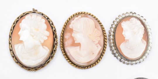 An assortment of vintage mid Century continental  jewellery to include a micro mosaic panel bracelet and matching brooch, four carved cameo brooches, an silver articulated marcasite and pink stone dress clip, a green stone cluster brooch and small yellow metal enamelled cameo box. Box measures 7.5 x 4cm.
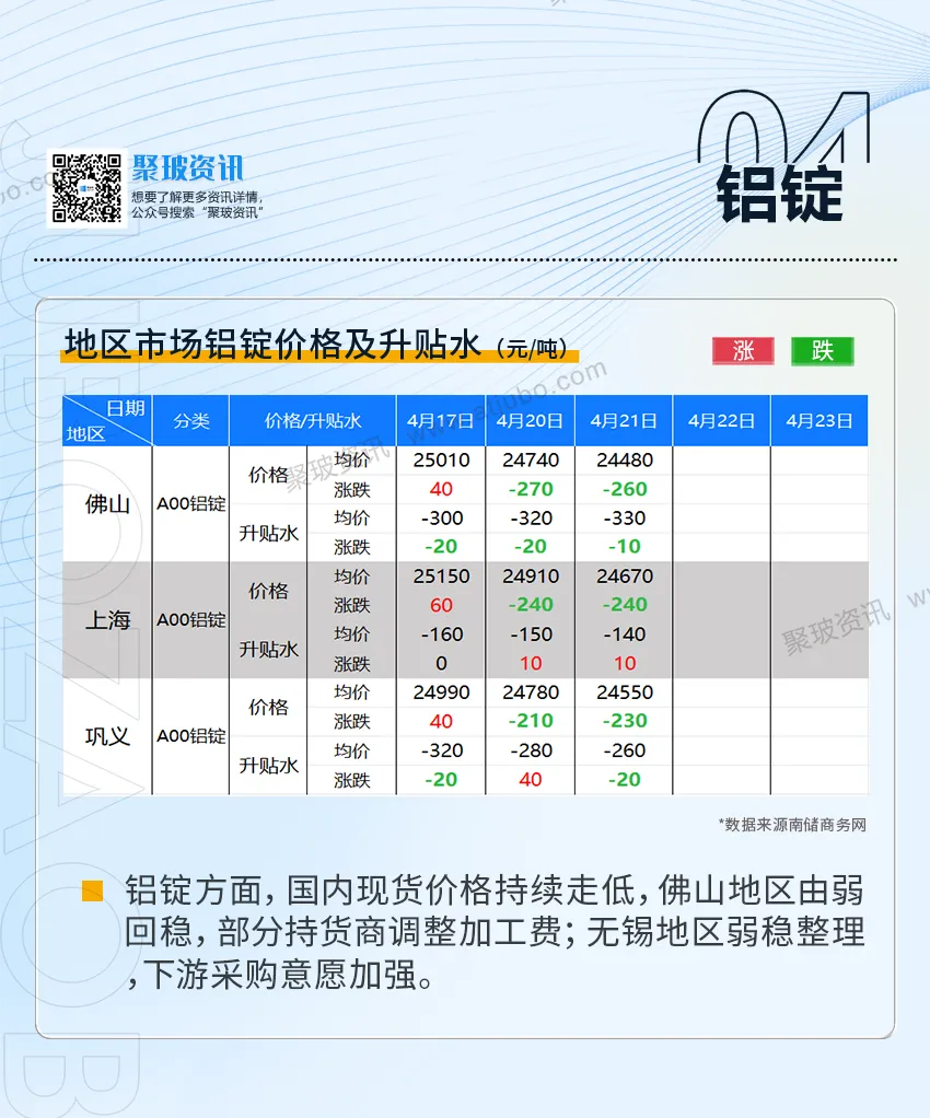 4.22:华北、华南、华中地区市场价格窄幅下行,玻璃现货市场弱势运行,期价震荡走低.国内铝市延续弱势回调,期现同步下探.
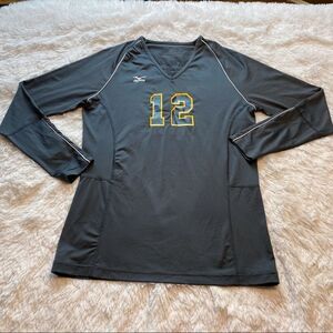 Mizuno Long Sleeve V-Neck Gray Shirt with Number 12 Size Large
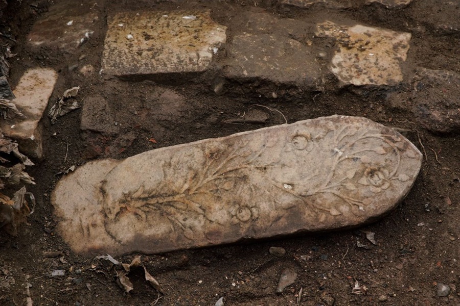 Eyüpsultan’da yapılan kazılarda kaldırımın altında zamana direnemeyen eski dergâh binasının kalıntıları ve tarihi mezar taşları çıktı.
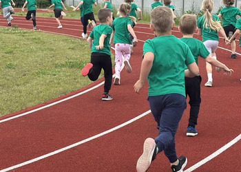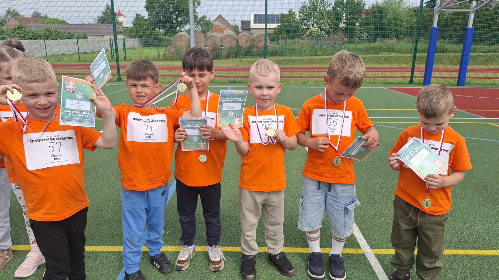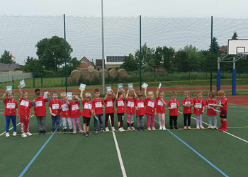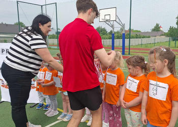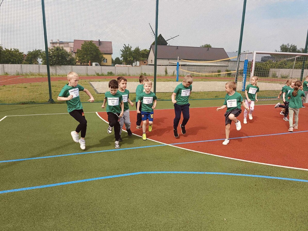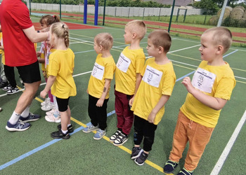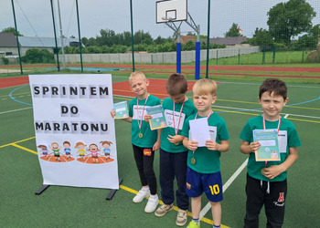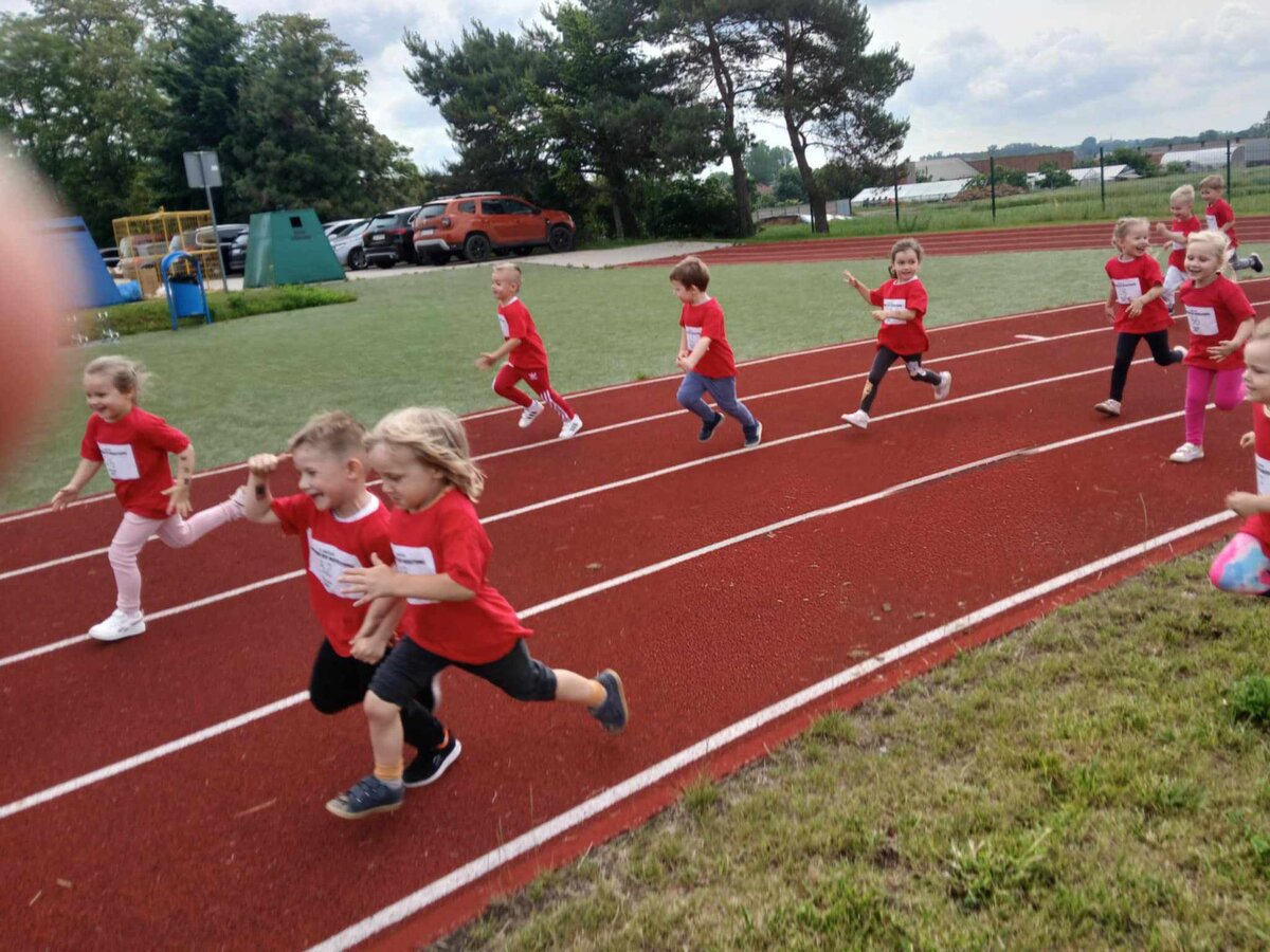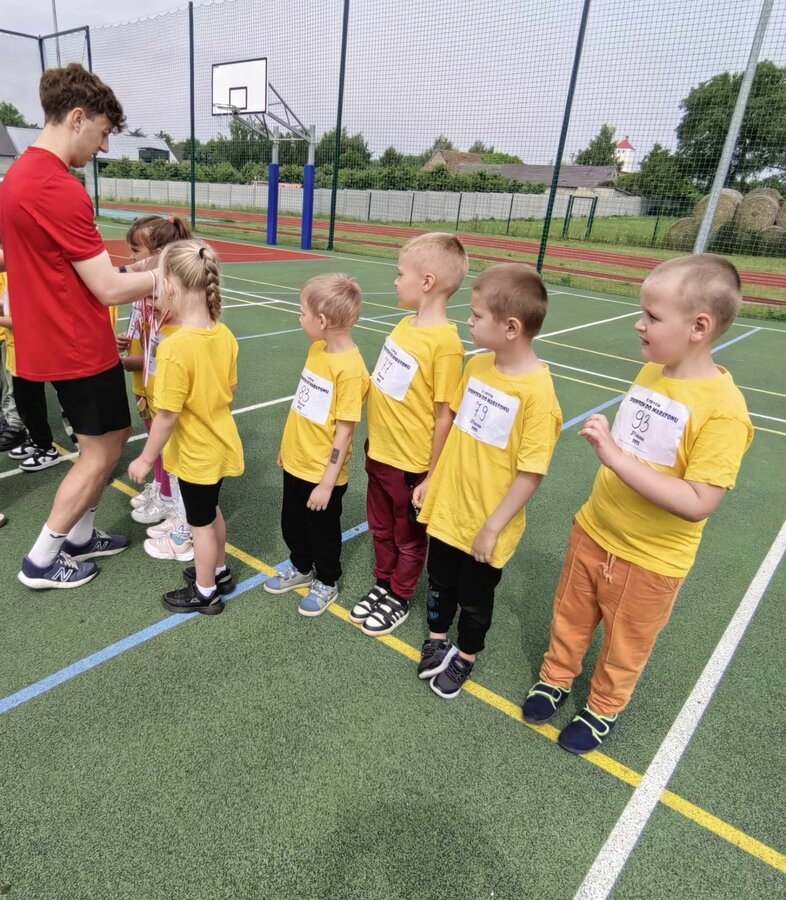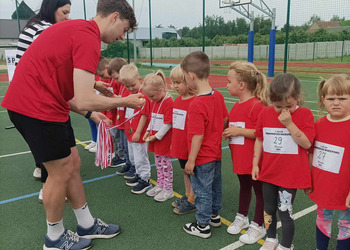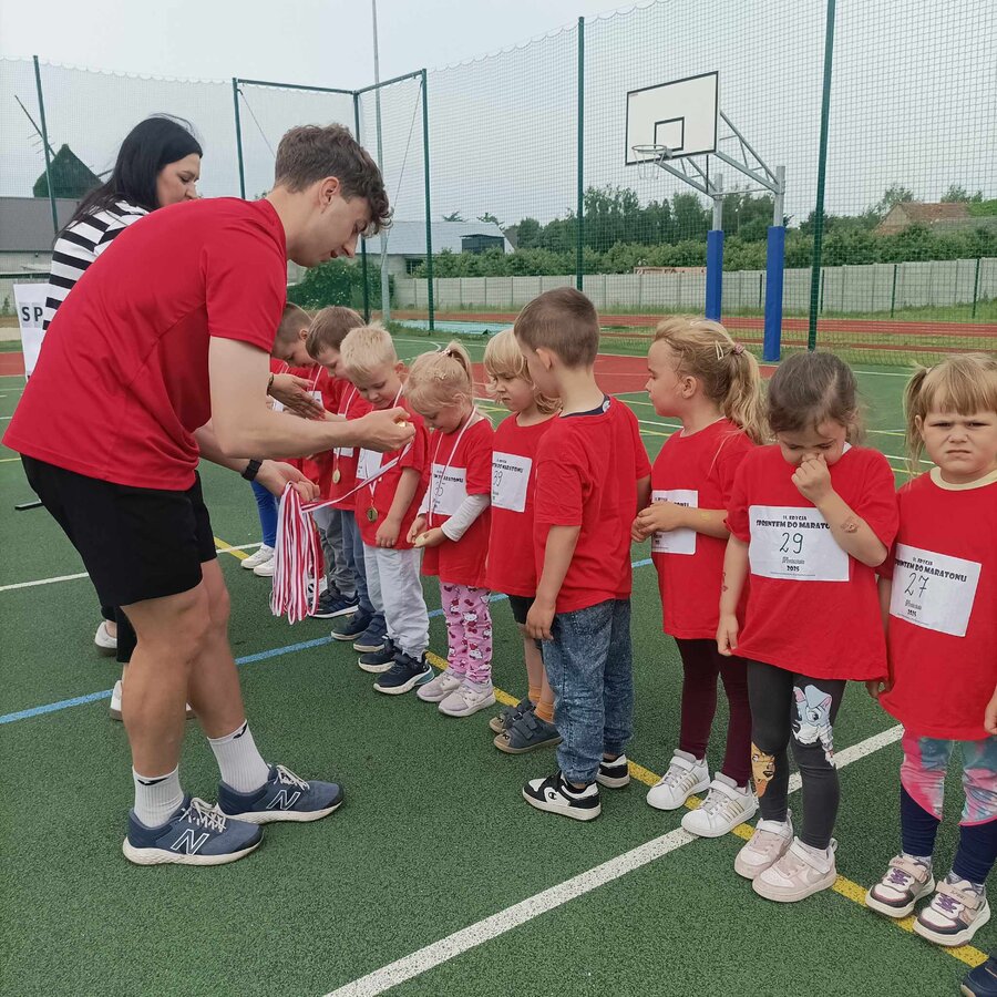 2 czerwca dzieci z Przedszkola Samorządowego w Jerce wzięły udział w XI Ogólnopolskim Maratonie Przedszkolaków pod hasłem „Sprintem do maratonu”. Celem tego wydarzenia jest promowanie zdrowego stylu życia i aktywnego spędzania czasu, popularyzowanie biegów wśród dzieci oraz kształtowanie u przedszkolaków nawyku podejmowania aktywności fizycznej. Akcja ta zachęca dzieci do zabawy i ruchu na świeżym powietrzu, a także kładzie nacisk na edukację zdrowotną już od najmłodszych lat. Od samego rana w przedszkolu gościliśmy trenera klubu Promień Krzywiń Pana Adriana Gościniaka, który rozmawiał z dziećmi o sporcie i zdrowym odżywianiu. Zachęcał wszystkich do aktywności fizycznej. Następnie wszystkie dzieci otrzymały numery startowe i wspólnie udaliśmy się na szkolne boisko, gdzie pan Adrian przeprowadził dla wszystkich rozgrzewkę. Kolejnym punktem programu był bieg wyznaczoną trasą. Wszystkie przedszkolaki bez trudu przebiegły wyznaczony dystans. Na zakończenie każde dziecko otrzymało medal i dyplom. Warto podkreślić, że wszyscy byli zwycięzcami, nie liczyło się zdobyte miejsce, lecz pokonanie wyznaczonego dystansu w miłej atmosferze.

------------------------

Your task: Can you retype every record above exactly, leaving out the pictures?

Answer to this problem:
 An assortment of vintage mid Century continental  jewellery to include a micro mosaic panel bracelet and matching brooch, four carved cameo brooches, an silver articulated marcasite and pink stone dress clip, a green stone cluster brooch and small yellow metal enamelled cameo box. Box measures 7.5 x 4cm.
 4.22:华北、华南、华中地区市场价格窄幅下行,玻璃现货市场弱势运行,期价震荡走低.国内铝市延续弱势回调,期现同步下探.
 Mizuno Long Sleeve V-Neck Gray Shirt with Number 12 Size Large
 Eyüpsultan’da yapılan kazılarda kaldırımın altında zamana direnemeyen eski dergâh binasının kalıntıları ve tarihi mezar taşları çıktı.
 2 czerwca dzieci z Przedszkola Samorządowego w Jerce wzięły udział w XI Ogólnopolskim Maratonie Przedszkolaków pod hasłem „Sprintem do maratonu”. Celem tego wydarzenia jest promowanie zdrowego stylu życia i aktywnego spędzania czasu, popularyzowanie biegów wśród dzieci oraz kształtowanie u przedszkolaków nawyku podejmowania aktywności fizycznej. Akcja ta zachęca dzieci do zabawy i ruchu na świeżym powietrzu, a także kładzie nacisk na edukację zdrowotną już od najmłodszych lat. Od samego rana w przedszkolu gościliśmy trenera klubu Promień Krzywiń Pana Adriana Gościniaka, który rozmawiał z dziećmi o sporcie i zdrowym odżywianiu. Zachęcał wszystkich do aktywności fizycznej. Następnie wszystkie dzieci otrzymały numery startowe i wspólnie udaliśmy się na szkolne boisko, gdzie pan Adrian przeprowadził dla wszystkich rozgrzewkę. Kolejnym punktem programu był bieg wyznaczoną trasą. Wszystkie przedszkolaki bez trudu przebiegły wyznaczony dystans. Na zakończenie każde dziecko otrzymało medal i dyplom. Warto podkreślić, że wszyscy byli zwycięzcami, nie liczyło się zdobyte miejsce, lecz pokonanie wyznaczonego dystansu w miłej atmosferze.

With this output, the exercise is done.